Description of the task
Repeat the data below in full. Pictures must not be part of the copy.

Given data
:::::

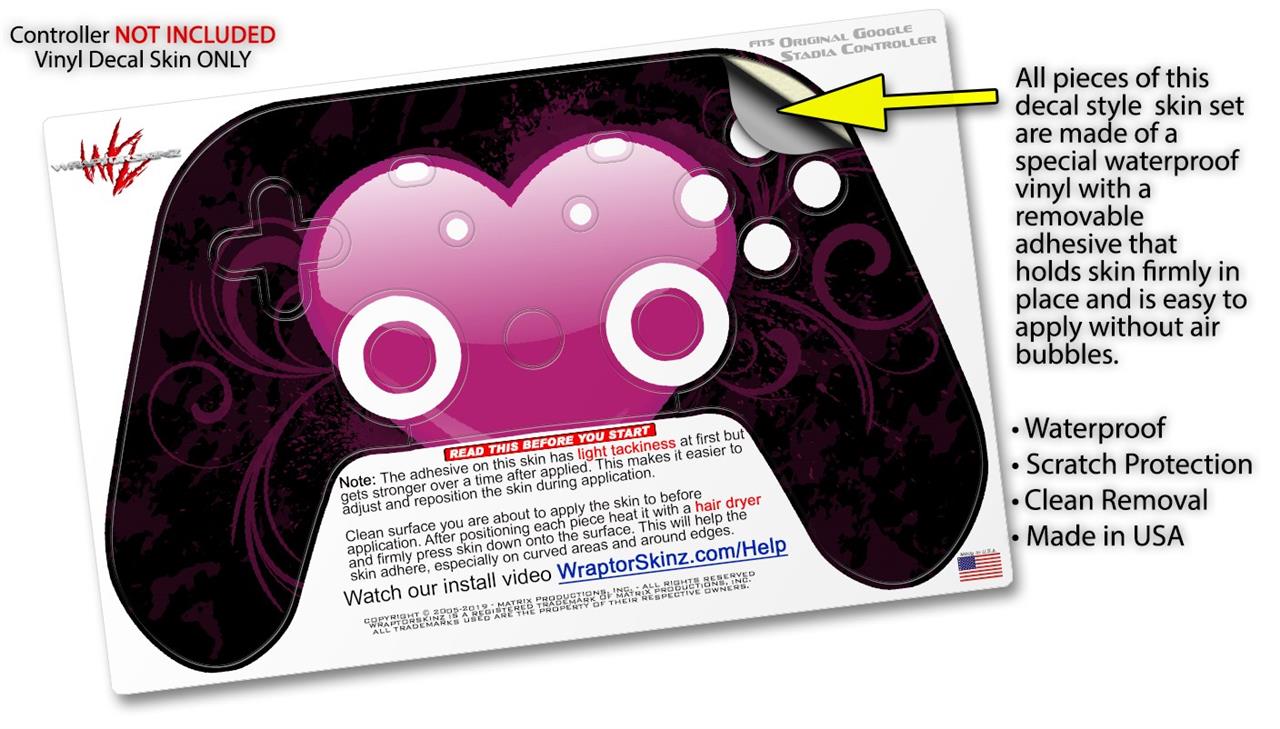 This product is in no way affiliated with or endorsed by Google. WraptorSkinz® skin wraps work with the Original Google Stadia version 1 Controller. Printed using superb photo quality designs and vibrant colors printed with special fade resistant inks that last even in direct sun for years. WraptorSkinz are a composite of two layers of commercial grade materials. The bottom layer is a soft, flexible vinyl with a special removable adhesive that is easily positioned, applied without air bubbles. Next, we print the bottom layer with UV protected, fade resistant inks that deliver superb photo quality designs in vibrant colors. Finally, we bond a professional grade laminate over the entire skin adding a glossy protective finish.
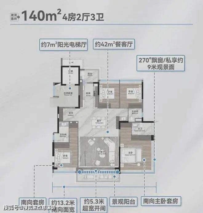 户型赏析: 建面140平四房三卫,入门级户型,部分也可望到湖景,双套房设计,南向开间,两个次卧之间没有承重墙,打通后可做成3个套房,另外独梯入户,全屋12%收纳比,配置超大玄关柜
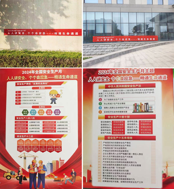 在公司厂区悬挂“人人讲安全 个个会应急——畅通生命通道”的宣传横幅;通过各种方式,营造“安全生产月”活动氛围,时时警醒每位员工要将安全放在第一位,并切实履行好自己的安全职责。

:::::

Result
 This product is in no way affiliated with or endorsed by Google. WraptorSkinz® skin wraps work with the Original Google Stadia version 1 Controller. Printed using superb photo quality designs and vibrant colors printed with special fade resistant inks that last even in direct sun for years. WraptorSkinz are a composite of two layers of commercial grade materials. The bottom layer is a soft, flexible vinyl with a special removable adhesive that is easily positioned, applied without air bubbles. Next, we print the bottom layer with UV protected, fade resistant inks that deliver superb photo quality designs in vibrant colors. Finally, we bond a professional grade laminate over the entire skin adding a glossy protective finish.
 户型赏析: 建面140平四房三卫,入门级户型,部分也可望到湖景,双套房设计,南向开间,两个次卧之间没有承重墙,打通后可做成3个套房,另外独梯入户,全屋12%收纳比,配置超大玄关柜
 在公司厂区悬挂“人人讲安全 个个会应急——畅通生命通道”的宣传横幅;通过各种方式,营造“安全生产月”活动氛围,时时警醒每位员工要将安全放在第一位,并切实履行好自己的安全职责。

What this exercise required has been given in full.